▸ What is being asked: When copying the data below, keep only the lines from the one with "Pencil Pointer Advertised" through the one with "Fashion Beads Exaggerated", word for word, and skip the pictures.

▸ Record extracts:
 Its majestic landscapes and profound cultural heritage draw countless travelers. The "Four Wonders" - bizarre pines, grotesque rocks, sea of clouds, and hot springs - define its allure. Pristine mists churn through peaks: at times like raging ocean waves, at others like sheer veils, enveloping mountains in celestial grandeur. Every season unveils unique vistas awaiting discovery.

---

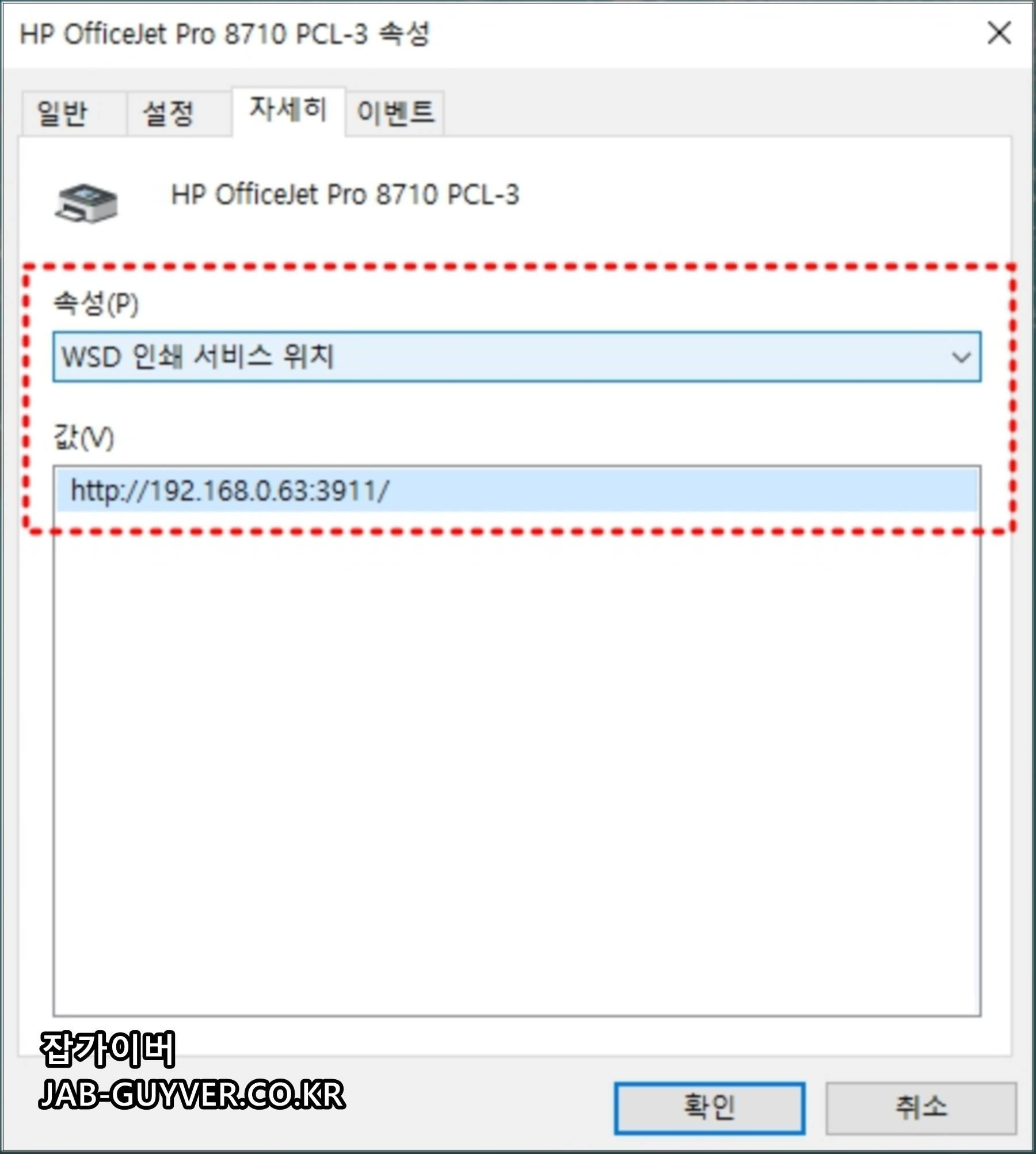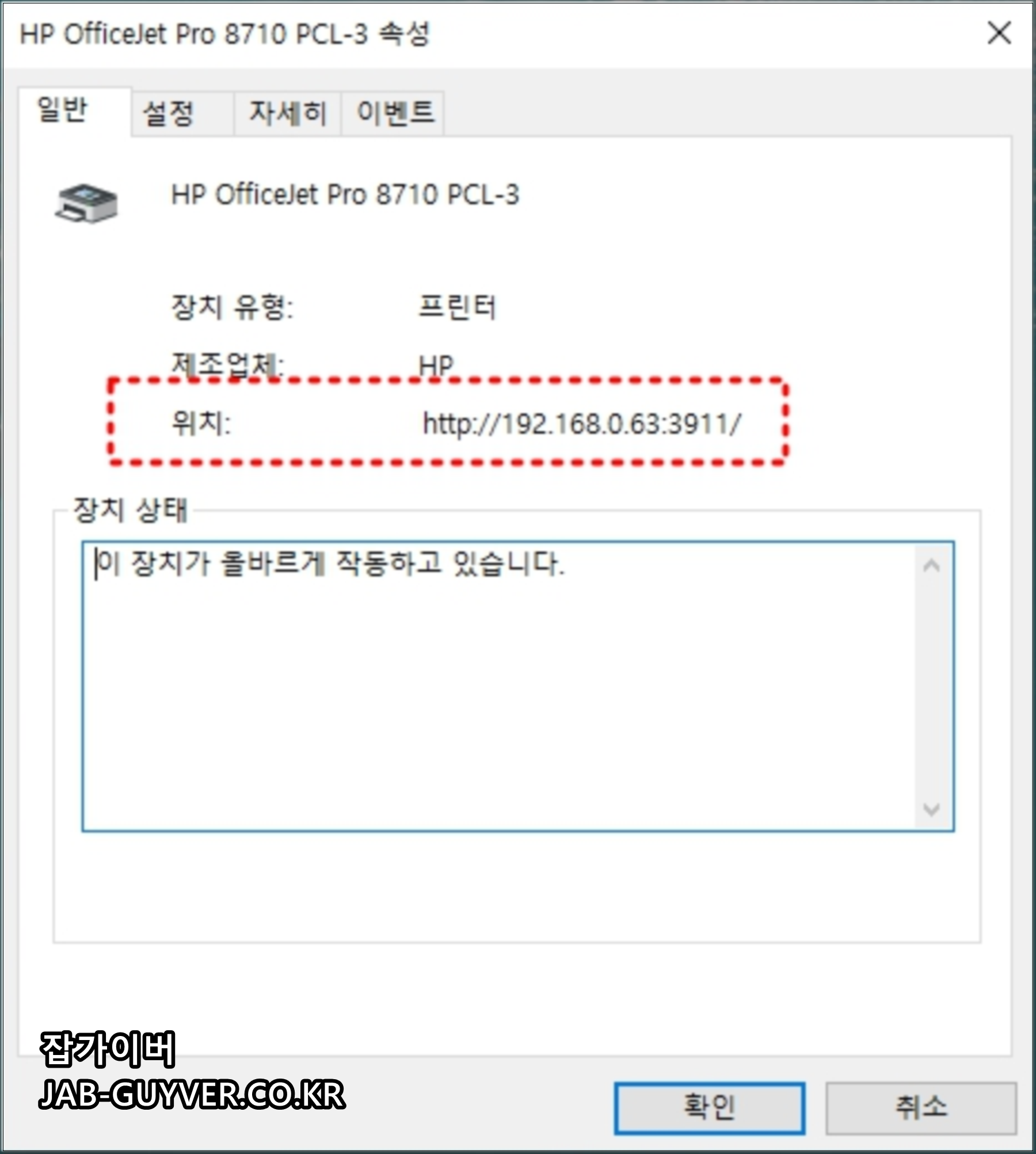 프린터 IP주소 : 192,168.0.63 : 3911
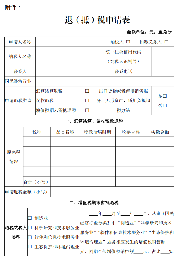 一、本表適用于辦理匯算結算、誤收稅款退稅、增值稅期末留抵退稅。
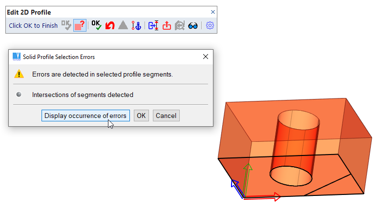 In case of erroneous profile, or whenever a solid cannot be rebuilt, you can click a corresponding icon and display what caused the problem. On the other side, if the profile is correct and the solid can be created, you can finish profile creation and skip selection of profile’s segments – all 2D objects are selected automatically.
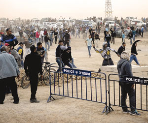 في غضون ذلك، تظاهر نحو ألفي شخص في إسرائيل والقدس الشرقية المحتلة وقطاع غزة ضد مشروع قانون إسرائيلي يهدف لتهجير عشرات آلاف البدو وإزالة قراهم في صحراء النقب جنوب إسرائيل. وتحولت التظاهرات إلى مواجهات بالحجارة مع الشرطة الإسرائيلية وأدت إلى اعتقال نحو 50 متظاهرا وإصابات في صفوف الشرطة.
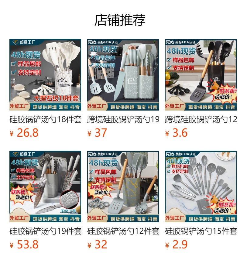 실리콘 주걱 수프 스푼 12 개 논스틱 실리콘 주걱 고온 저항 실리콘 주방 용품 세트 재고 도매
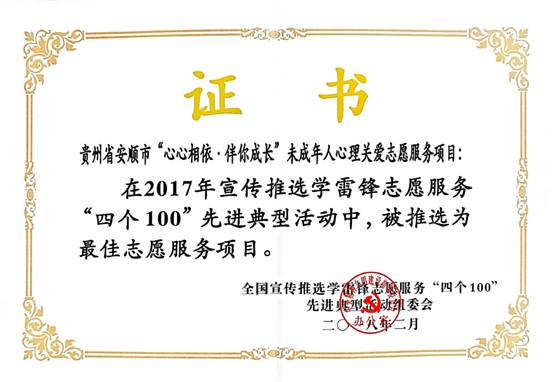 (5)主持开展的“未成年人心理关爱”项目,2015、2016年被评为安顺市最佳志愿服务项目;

==

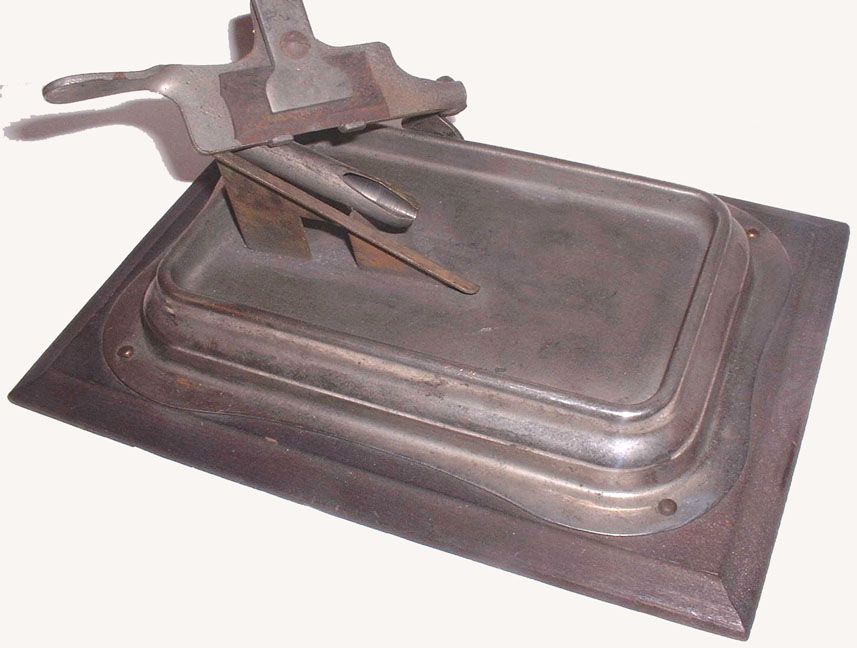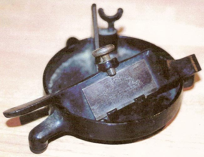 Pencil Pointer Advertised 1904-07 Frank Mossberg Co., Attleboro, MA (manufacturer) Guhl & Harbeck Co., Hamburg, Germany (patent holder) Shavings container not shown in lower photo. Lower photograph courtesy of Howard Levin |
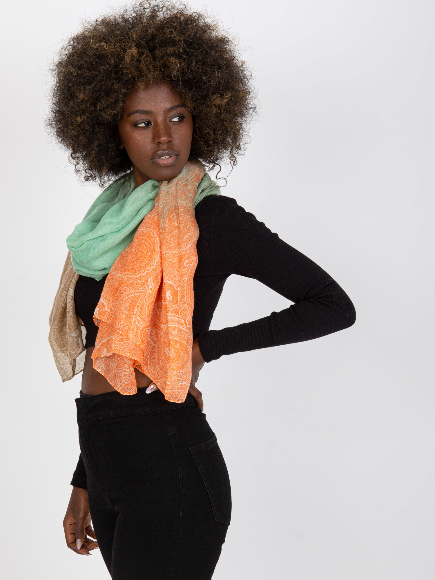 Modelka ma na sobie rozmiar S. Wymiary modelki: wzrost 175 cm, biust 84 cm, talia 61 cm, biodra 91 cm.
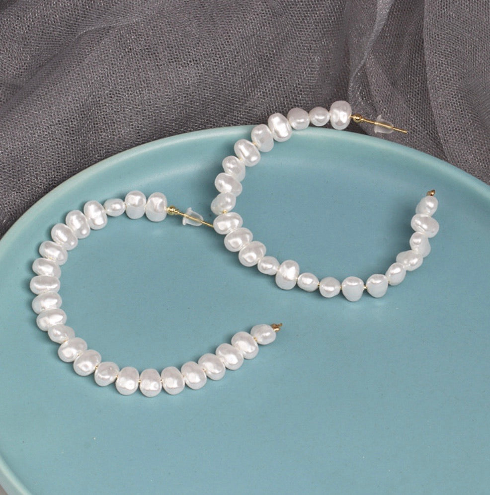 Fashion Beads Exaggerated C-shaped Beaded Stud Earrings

▸ Result of this task:
 Pencil Pointer Advertised 1904-07 Frank Mossberg Co., Attleboro, MA (manufacturer) Guhl & Harbeck Co., Hamburg, Germany (patent holder) Shavings container not shown in lower photo. Lower photograph courtesy of Howard Levin |
 Modelka ma na sobie rozmiar S. Wymiary modelki: wzrost 175 cm, biust 84 cm, talia 61 cm, biodra 91 cm.
 Fashion Beads Exaggerated C-shaped Beaded Stud Earrings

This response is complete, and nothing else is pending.